In 1946 the Kempner family bought out the remaining Eldridge heirs and became almost 100 percent owners of ISC, the lands around Sugar Land and the numerous corporate enterprises in the Sugar Land area. In 1948, I.H. Kempner’s youngest son, I.H. Kempner Jr., was made president and launched the company on a program of modernization. Soon, ISC was producing sugar on a 24-hour basis. In 1953 I.H. Kempner Jr. died and his two sons, I.H. Kempner III and James C. Kempner, stepped in to take over. Isaac Kempner's youngest son, Herbert, served as company president from 1948 until his death in 1953, when he was succeeded by W. H. Louviere, the first man from outside the family to hold the office.


In the 1950’s ISC opened the Sugar Land Shopping Center to house new executive offices and completed an innovative air-conditioned packing room. ISC’s output exceeded two million pounds of sugar daily. Bulk raw sugar supplies increased when the company sold a significant portion of its stock to the C and H Sugar Refining Company of California and Hawaii in 1956; ISC bought the stock back in 1967.



ISC acquired the Holly Sugar Corporation, a company formed from eight beet sugar processing plants, to form the Imperial Holly Corporation, a processor of both cane and beet sugar. With that acquisition, ISC more than doubled in size and became a marketer of both cane and beet sugar. After the merger, 60 percent of the company belonged to the Kempner family, 10 percent to an Employee Stock Ownership Plan, and 30 percent to public stockholders.



In 1996 ISC acquired Spreckels Sugar Company of California, a West Coast beet sugar company. In 1997, ISC acquired Savannah Foods & Industries, Inc., headquartered in Savannah, Georgia, which at the time was the second largest sugar refiner in the industry. Savannah Foods & Industries marketed its sugar under the Dixie Crystals® brand. Another legacy company, Savannah Foods was founded in 1915 by Benjamin Alexander Oxnard and Richard H. Sprague when they moved their entire sugar refining operation, including more than 300 employees and their families, from St. Mary’s Parish in Louisiana to Port Wentworth, Georgia. The Savannah Sugar Refinery began melting sugar on July 7, 1917.

As was the case with the Holly acquisition, the Company again more than doubled in size, becoming the largest processor and refiner of sugar in the U.S. Savannah’s two plants – Port Wentworth, Georgia and Gramercy, Louisiana became ISC’s main processing facilities.

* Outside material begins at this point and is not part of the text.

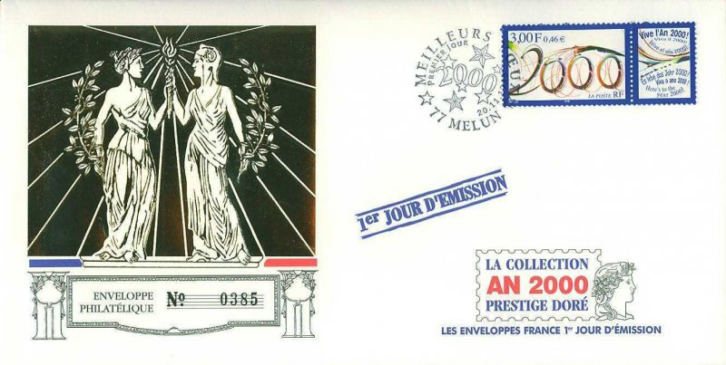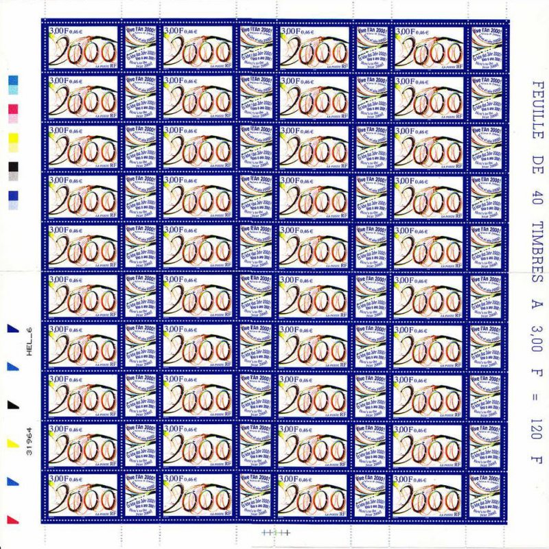 | Commentaire | Avec une vignette attenante 16 mm x 22 mm. Description synthétique du visuel du timbre : Par le biais d’une calligraphie contemporaine, raffinée et discrète à la fois, composée de lignes courbes et colorées, le visuel marque l’avènement de l’année mythique 2000. Pour marquer l’événement, ce timbre de format classique est accompagné d’une vignette accolée à sa droite, sur laquelle le texte Vive l’An 2000 ! Figurent en six langues : français, italien, espagnol, allemand, portugais et anglais. La calligraphie dépasse le cadre du timbre et se projette dans la vignette, symbolisant ainsi l’élan vers l’an 2000. La présence de dentelures bleues constitue un écrin à la calligraphie. La couleur bleue des dentelures, le chiffre 2000 et les textes de la vignette font de ce timbre un timbre générique, utilisable durant toute l’année 2000. |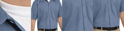 - Two button-thru, hex-style pockets with angled bartacks, bartacked pencil stall on left pocket

Savannah Foods & Industries, Inc. had acquired Michigan Sugar, a beet sugar producer in Saginaw, Michigan in 1984, Great Lakes Sugar, in 1985 and Colonial Sugar Refinery located in Gramercy, Louisiana in 1986. The acquisition of Savannah Foods made Imperial Holly the first truly national sugar refiner and marketer in the country.

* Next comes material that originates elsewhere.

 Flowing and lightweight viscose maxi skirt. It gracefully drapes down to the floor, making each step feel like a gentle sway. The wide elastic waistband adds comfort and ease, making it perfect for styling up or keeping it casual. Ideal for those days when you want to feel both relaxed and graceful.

ISC filed for Chapter 11, due to lower sales for refined sugar and higher energy costs and it emerged from bankruptcy on August 29, 2001. In 2002 Imperial Holly sold Michigan Sugar Company anditsWorland, Wyoming beet facility to grower cooperatives and its Rocky Mountain beet facilities to American Crystal Sugar Company. Upon the sale of these two entities, Imperial Holly became Imperial Sugar Company.


The original sugar refinery in Sugar Land was closed, however corporate offices still remain in the founding city.

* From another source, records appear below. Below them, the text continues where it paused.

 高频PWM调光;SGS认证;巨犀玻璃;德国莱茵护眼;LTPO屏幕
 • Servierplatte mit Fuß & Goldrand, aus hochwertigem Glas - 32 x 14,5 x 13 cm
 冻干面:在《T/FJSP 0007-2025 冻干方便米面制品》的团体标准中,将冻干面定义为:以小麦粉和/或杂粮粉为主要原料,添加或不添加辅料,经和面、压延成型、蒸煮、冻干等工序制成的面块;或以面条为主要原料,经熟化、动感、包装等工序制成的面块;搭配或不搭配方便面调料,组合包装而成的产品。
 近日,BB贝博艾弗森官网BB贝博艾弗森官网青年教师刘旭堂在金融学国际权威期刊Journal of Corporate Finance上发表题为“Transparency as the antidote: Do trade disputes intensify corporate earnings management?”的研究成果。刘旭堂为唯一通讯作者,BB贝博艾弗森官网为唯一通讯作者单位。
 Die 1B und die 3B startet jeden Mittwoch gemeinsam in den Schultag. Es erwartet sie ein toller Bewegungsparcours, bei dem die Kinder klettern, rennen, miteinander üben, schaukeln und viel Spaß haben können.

Two buildings on the Sugar Land factory property were imploded by developers in order to accommodate future redevelopment plans including residences, business properties, and community park. Also, ISC contributed its Gramercy, Louisiana refinery to Louisiana Sugar Refiners, LLC (LSR) in exchange for a one-third interest in the new company. LSR commenced operations on January 1, 2011.


Cargill and Sugar Growers and Refiners, Inc., (SUGAR) each have a 50% interest in the million-ton-per-year sugar refinery after the two companies acquired all of Imperial Sugar's interest in LSR. 


ISC was acquired by Louis Dreyfus Company, a  global merchandiser of commodities, a major asset owner and a processor of agricultural goods with over 160 years of experience. As a part of the Louis Dreyfus Company Group portfolio, ISC is linked to one of the world's largest global sugar merchandisers.